Immunomagnetic Capture and Multiplexed Surface Marker Detection of Circulating Tumor Cells with Magnetic Multicolor Surface-Enhanced Raman Scattering Nanotags


Circulating tumor cells (CTCs) have substantial clinical implications in cancer diagnosis and monitoring. Although significant progress has been made in developing technologies for CTC detection and counting, the ability to quantitatively detect multiple surface protein markers on individual tumor cells remains very limited. In this work, we report a multiplexed method that uses magnetic multicolor surface-enhanced Raman scattering (SERS) nanotags in conjunction with a chip-based immunomagnetic separation to quantitatively and simultaneously detect four surface protein markers on individual tumor cells in whole blood. Four-color SERS nanotags were prepared using magnetic-optical iron oxide-gold core-shell nanoparticles with different Raman reporters to recognize four different cancer markers with respective antibodies.

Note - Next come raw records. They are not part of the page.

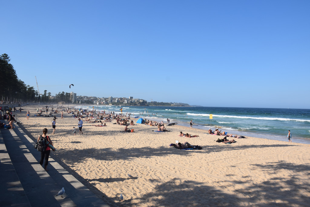 在往返的船上可以各个角度观赏到遥遥相对的悉尼歌剧院和海港大桥,逛完动物园回到码头,换上去曼丽海滩(Manly Beach)的船。到了曼丽海滩的码头,以为码头旁边那个小海滩就是曼丽海滩,心里想着这个小海滩怎么会出名,真奇怪,玩了一小会才反应过来曼丽海滩离码头有一段距离。当时逛完动物园已经累得不行,强撑着走到海滩才发现曼丽海滩出名还是有道理的。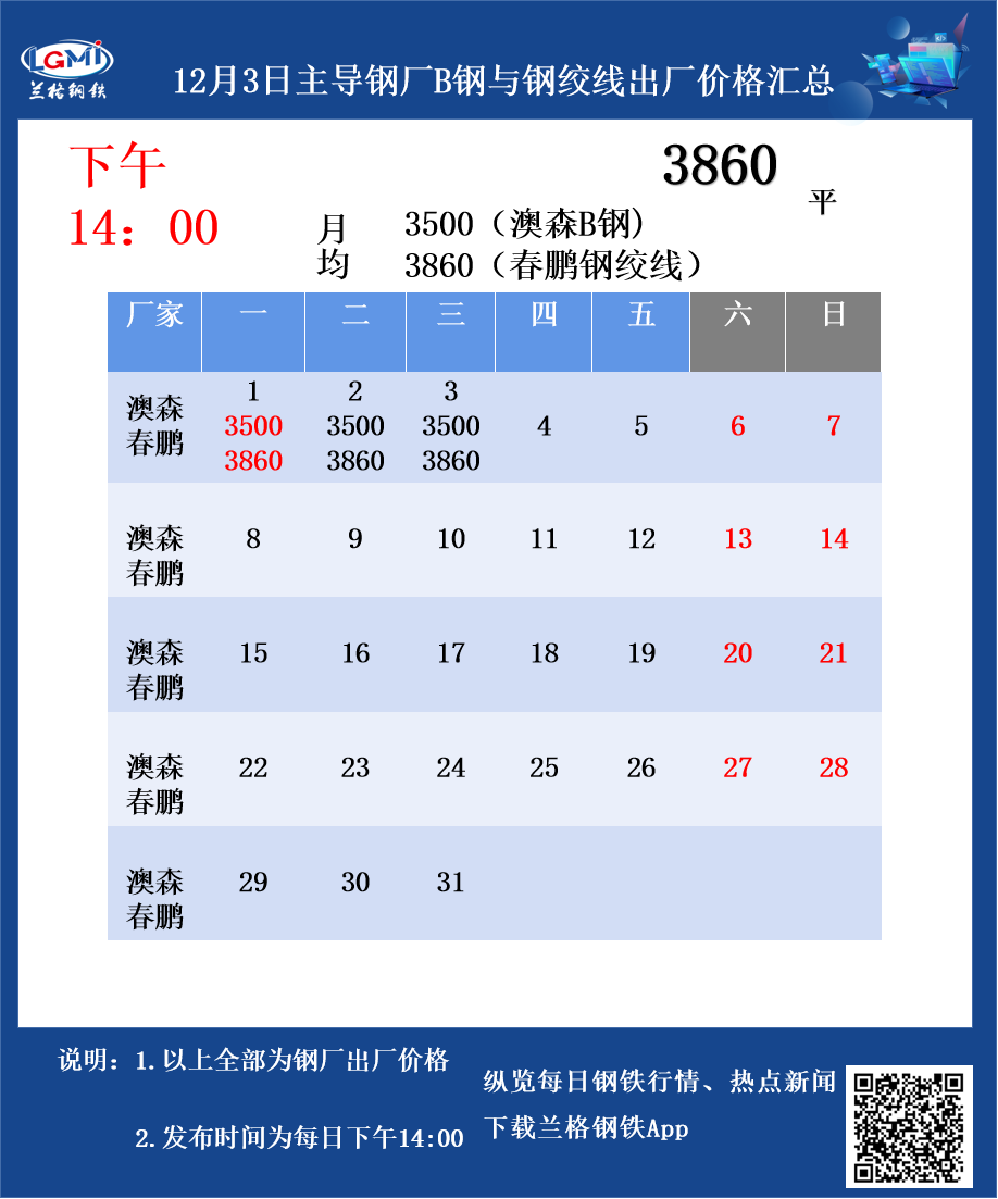 • 12月3日主导钢厂B钢与钢绞线出厂价格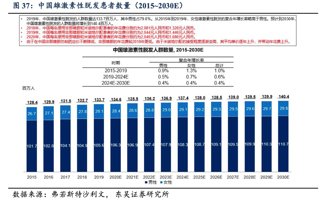 而在不同的脱发类型中,雄激素性脱发(AGA)最为常见。东吴证券研报指出,2018年,中国有超过1亿名男性患有不同程度的雄激素性脱发。患者总数预期将从2019年0.6%的复合年增长率增加至2024年的1.37亿人,从2024年0.4%的复合年增长率增加至2030年的1.4亿人。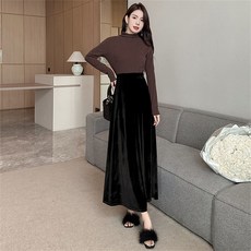 besteffie 벨벳 스커트 여성 빅사이즈 A라인 롱치마 벨벳셔링스커트 롱스커트 스커트 E55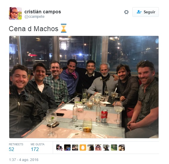 Esto ha quedado demostrado a través de fotografías como la que anoche compartió Campos en Twitter, donde se ve a los guapetones disfrutando de una cena todos juntos.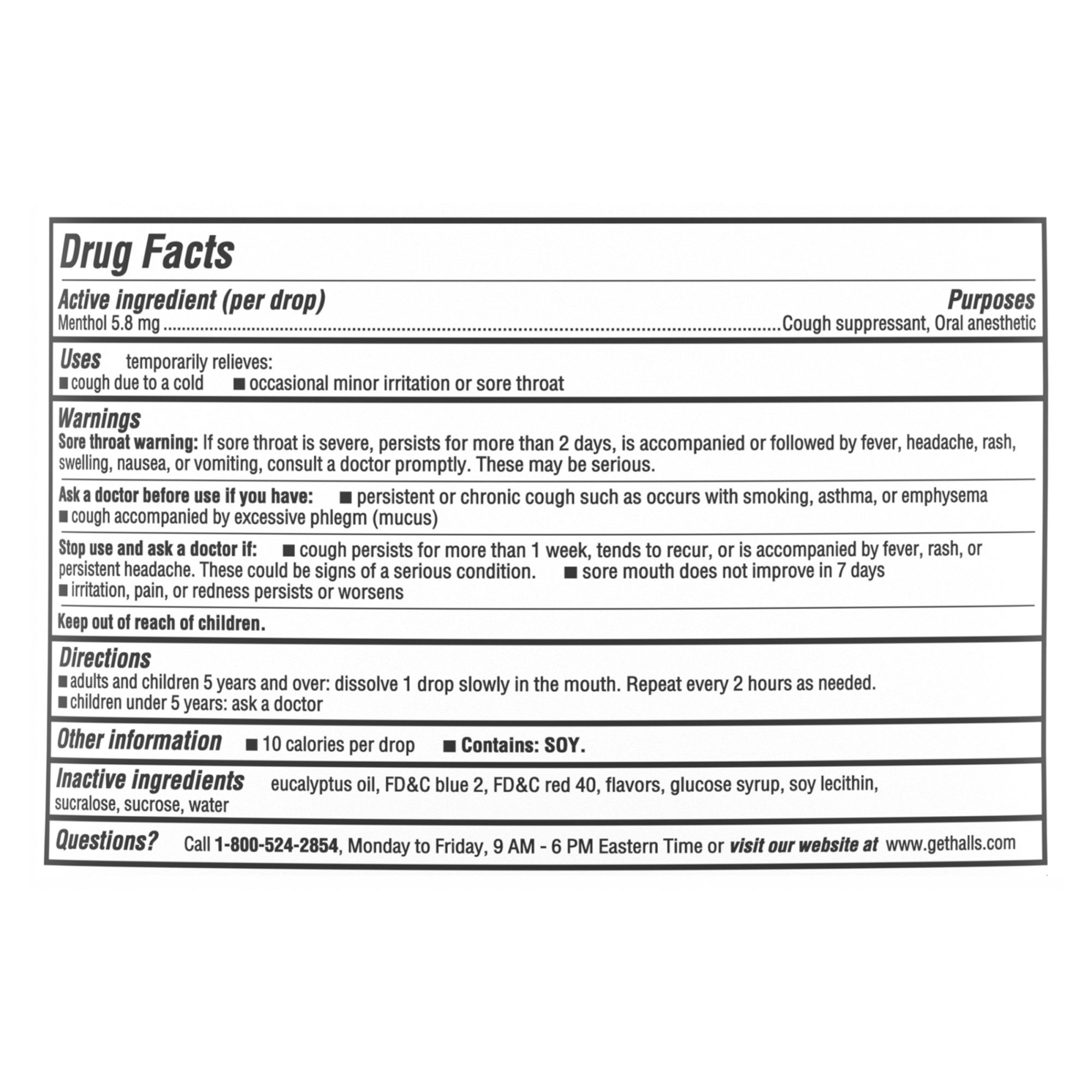 Inactive Ingredients: Eucalyptus Oil, FD&C Blue 2, FD&C Red 40, Flavors, Glucose Syrup, Soy Lecithin, Sucralose, Sucrose, Water Contains: Soy.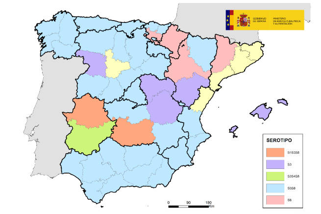 En la actualidad, solo en 5 provincias españolas no circula el virus de la legua azul. Desde la última actualización realizada por el MAPA, ha aparecido en Cuenca, en concreto el serotipo S3, además de que han aparecido nuevos serotipos en Cáceres S1, Badajoz S4, Guadalajara S8, Alicante S3 y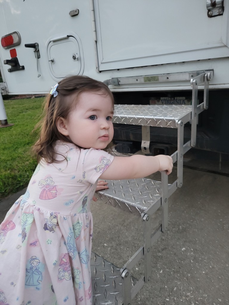 At one point Carys attempted to sneak into our camper and become a little stowaway!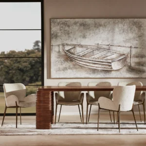 Gather around a table where design meets conversation. The Ophelia Dining Table captures attention with its mocha walnut veneer surface and thoughtfully curved edges.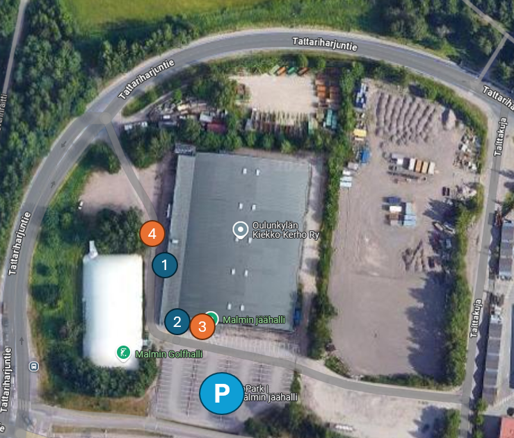 Parkkitilaa löytyy Malmin jäähallin edustalta (P). Parkkipaikalle kulku Talttakujan kauttaa.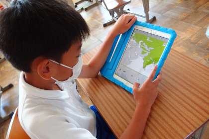 タブレットのアプリで復習をしている4年生です。
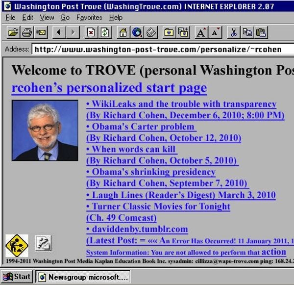 But then we hadanotherthought. This one -- like all thoughts about the awfulness of theWashington Post-- was about Richard Cohen. Didn't Richard Cohen have some involvement in another recent "WaPo" web debacle? Yes, yes he did. At least according to our unreliable version of events: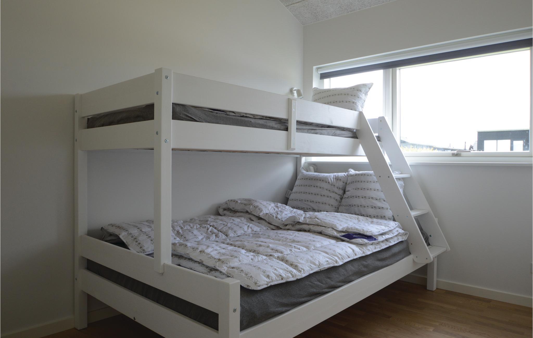 Dieses hochwertige Ferienhaus wurde 2019 gebaut und liegt in Kelstrup Strand. Es ist wunderbar eingerichtet und hat tolle, teilweise überdachte Terrassen, so dass Sie hier nicht nur im Sommer viel Zeit an der frischen Luft verbringen können. Im Innenbereich gibt es drei Schlafzimmer, die alle von der Wohnküche abgehen. Zwei dieser Zimmer sind Familienzimmer mit einem Doppelbett und einem darübergelegenen Etagenbett.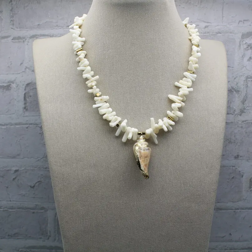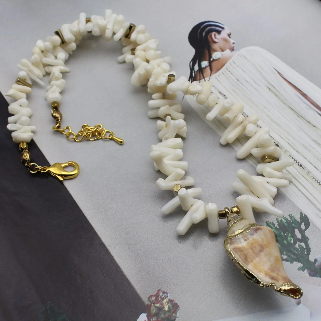 Ожерелье из натурального белого коралла, позолоченной 24К латунной фурнитуры ручной работы, природной ракушки.

A microfluidic device was fabricated to magnetically capture the nanoparticle-bound tumor cells and to perform online negative staining and single-cell optical detection. The level of each targeted protein was obtained by signal deconvolution of the mixed SERS signals from individual tumor cells using the classic least squares regression method. The method was tested with spiked tumor cells in human whole blood with three different breast cancer cell lines and compared with the results of purified cancer cells suspended in a phosphate buffer solution. The method, with either spiked cancer cells in blood or purified cancer cells, showed a strong correlation with purified cancer cells by enzyme-linked immunosorbent assay, suggesting the potential of our method for the reliable detection of multiple surface markers on CTCs. Combining immunomagnetic enrichment with high specificity, multiplexed targeting for the capture of CTC subpopulations, multicolor SERS detection with high sensitivity and specificity, microfluidics for handling rare cells and magnetic-plasmonic nanoparticles for dual enrichment and detection, our method provides an integrated, yet a simple and an efficient platform that has the potential to more sensitively detect and monitor cancer metastasis.